Records from a collection
-----

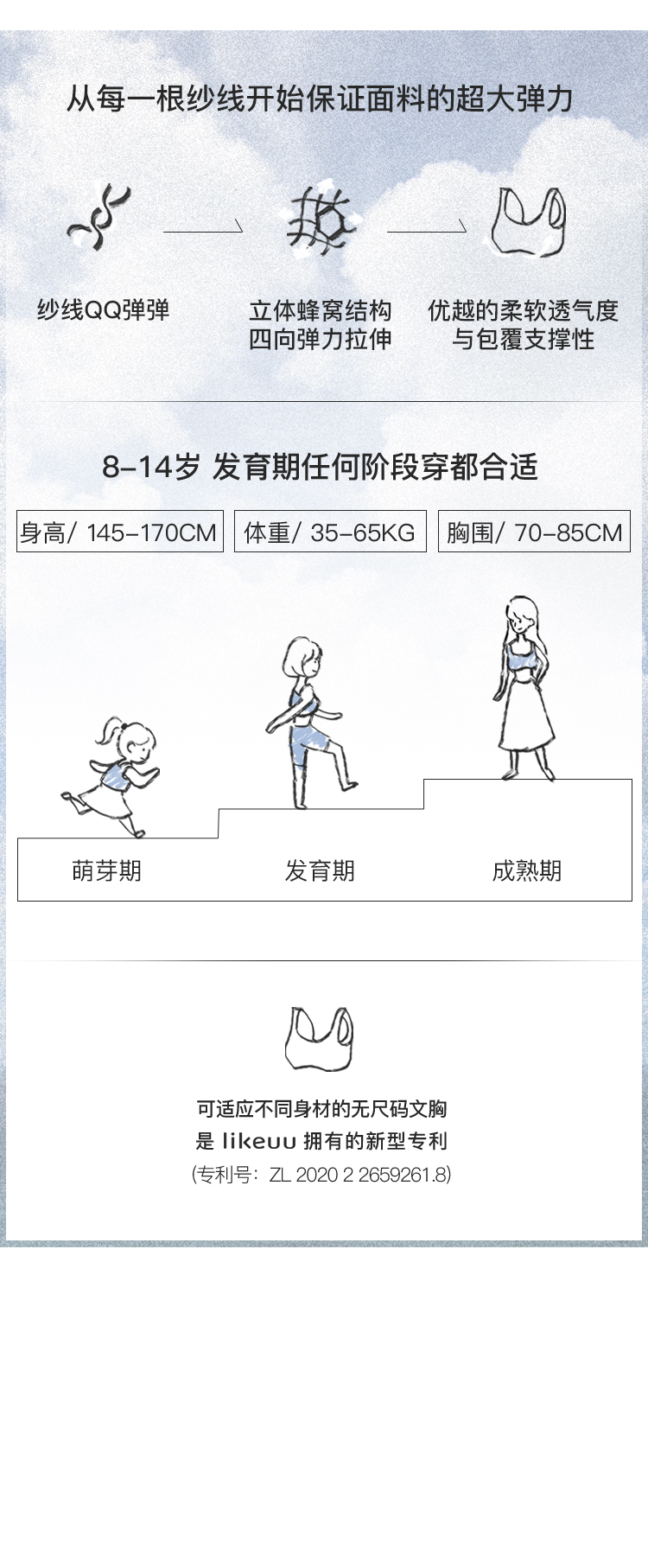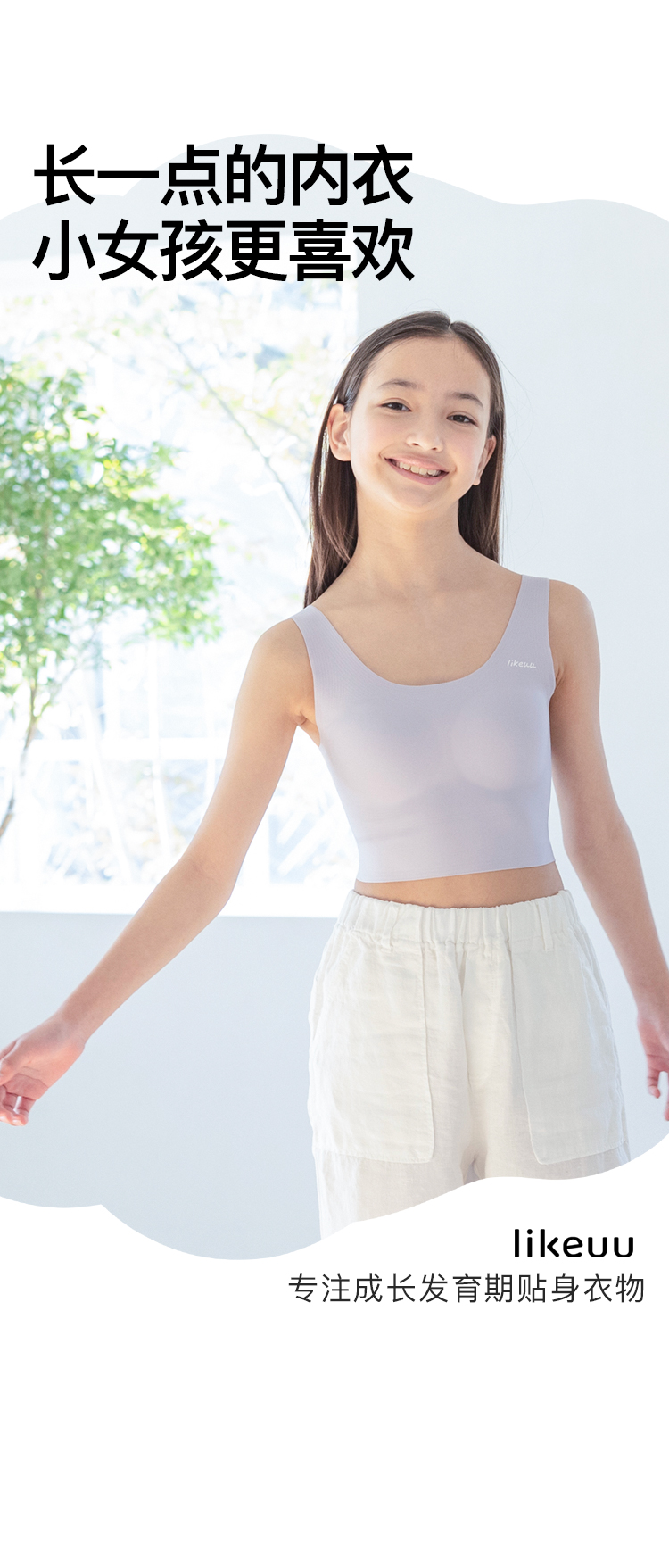 likeuu是专注于为6~15岁的青少年创造柔软、无束缚的成长体验,以好奇心为灵感的成长发育期贴身衣物品牌。likeuu的产品覆盖内衣、内裤、保暖衣、家居服、运动等品类。
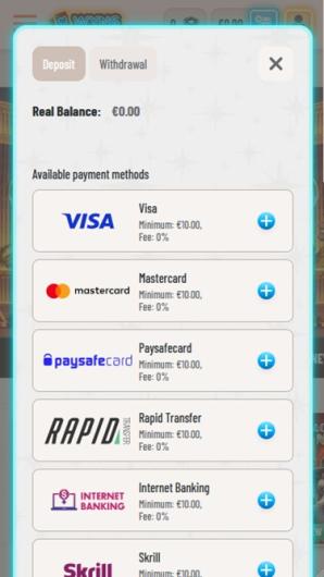 Services bancaires CashtoCode, Interac, MiFinity, Neosurf, NETELLER, Nordea, Paysafecard, Pix, Postepay, Rapid Transfer, Revolut, Siru Mobile, Skrill and Zimpler ne sont pas disponibles pour les Joueurs provenant de Ohio
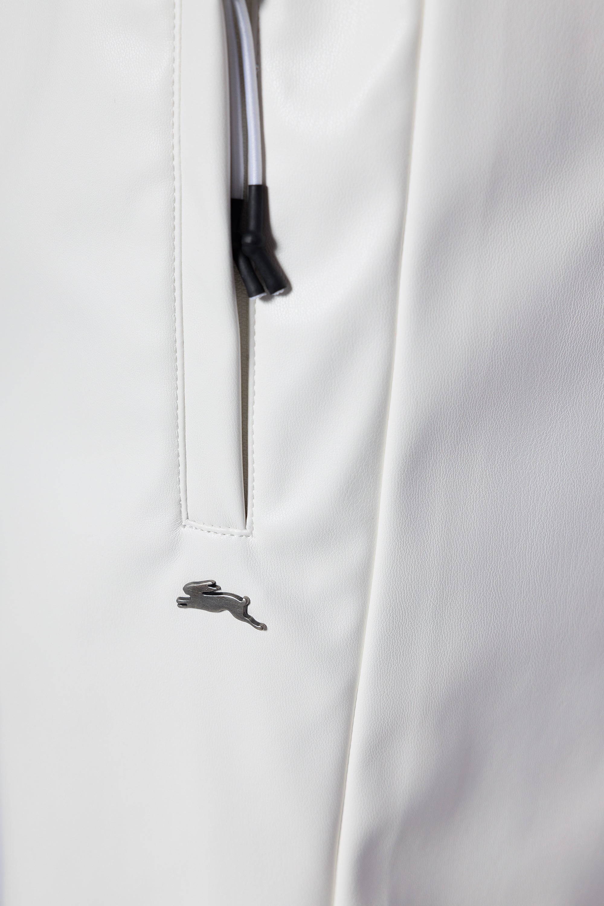 - Signature metal rabbit pin below left-hand pocket
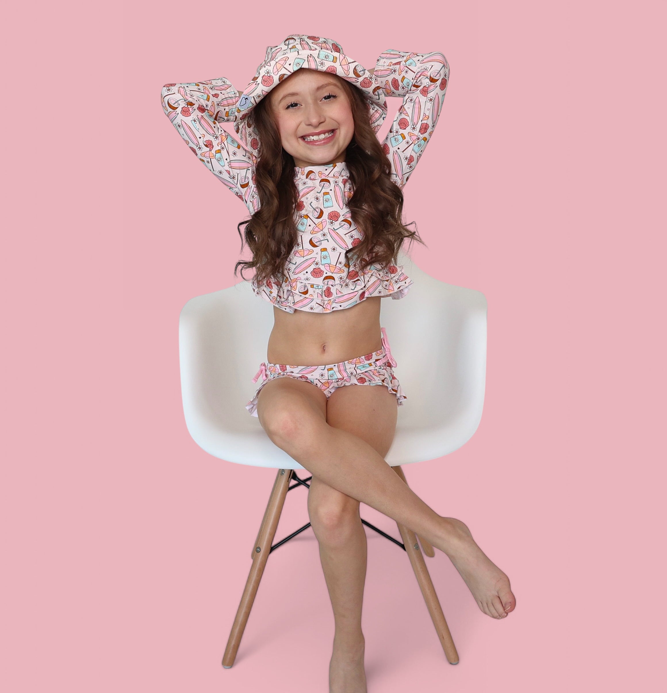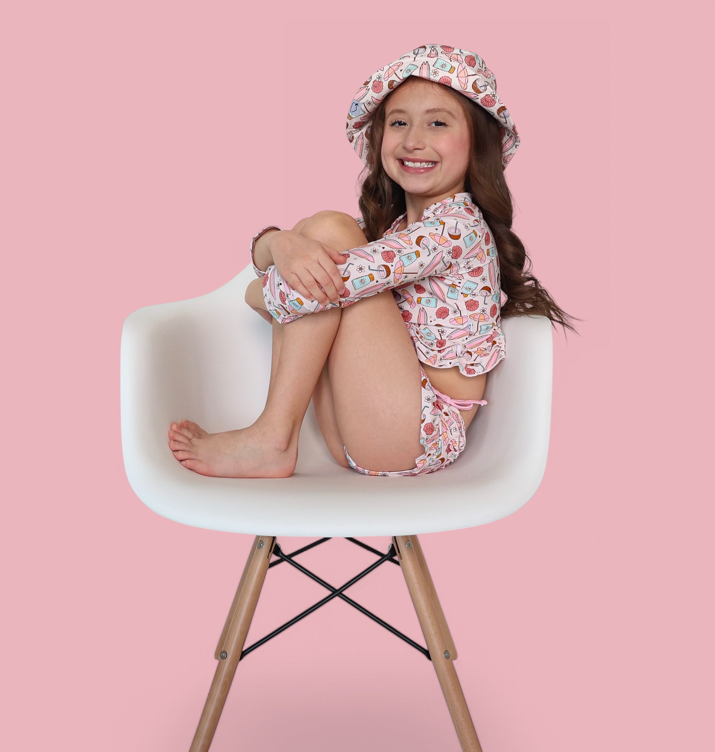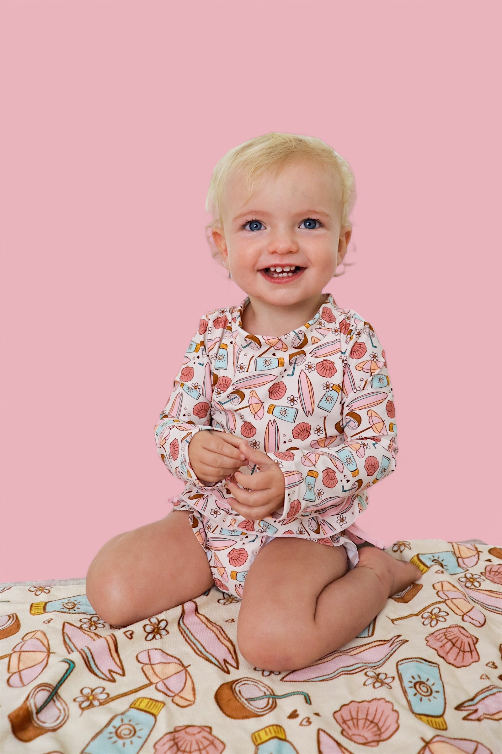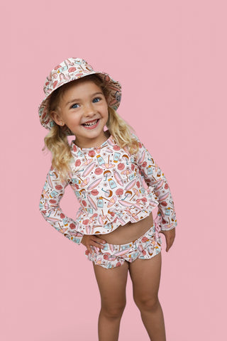 Your little fashionista is ready to shine in the Fun in the Sun Dream Rash Guard Ruffle Swim Suit! This adorable two-piece set features our soft, hand-drawn beach print with surfboards, coconuts, scallop shells, daisies, and umbrellas—dusted with hearts and flower accents in a soothing pastel palette of pinks, aqua blues, sandy browns, and creams.
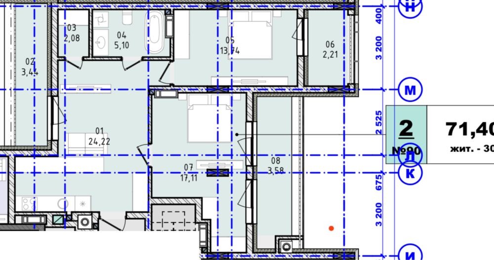 Площа 71,4м2
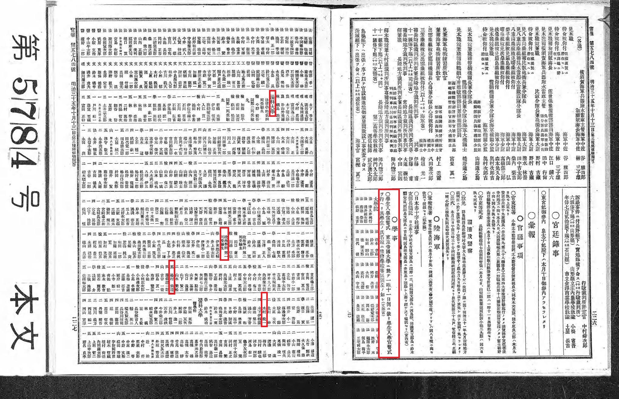 【官報 1902年10月13日】明治35年

-----

WHAT IS EXPECTED:
Pictures are not part of the copy. Return every record exactly.

EXERCISE OUTPUT:
 likeuu是专注于为6~15岁的青少年创造柔软、无束缚的成长体验,以好奇心为灵感的成长发育期贴身衣物品牌。likeuu的产品覆盖内衣、内裤、保暖衣、家居服、运动等品类。
 Services bancaires CashtoCode, Interac, MiFinity, Neosurf, NETELLER, Nordea, Paysafecard, Pix, Postepay, Rapid Transfer, Revolut, Siru Mobile, Skrill and Zimpler ne sont pas disponibles pour les Joueurs provenant de Ohio
 - Signature metal rabbit pin below left-hand pocket
 Your little fashionista is ready to shine in the Fun in the Sun Dream Rash Guard Ruffle Swim Suit! This adorable two-piece set features our soft, hand-drawn beach print with surfboards, coconuts, scallop shells, daisies, and umbrellas—dusted with hearts and flower accents in a soothing pastel palette of pinks, aqua blues, sandy browns, and creams.
 Площа 71,4м2
 【官報 1902年10月13日】明治35年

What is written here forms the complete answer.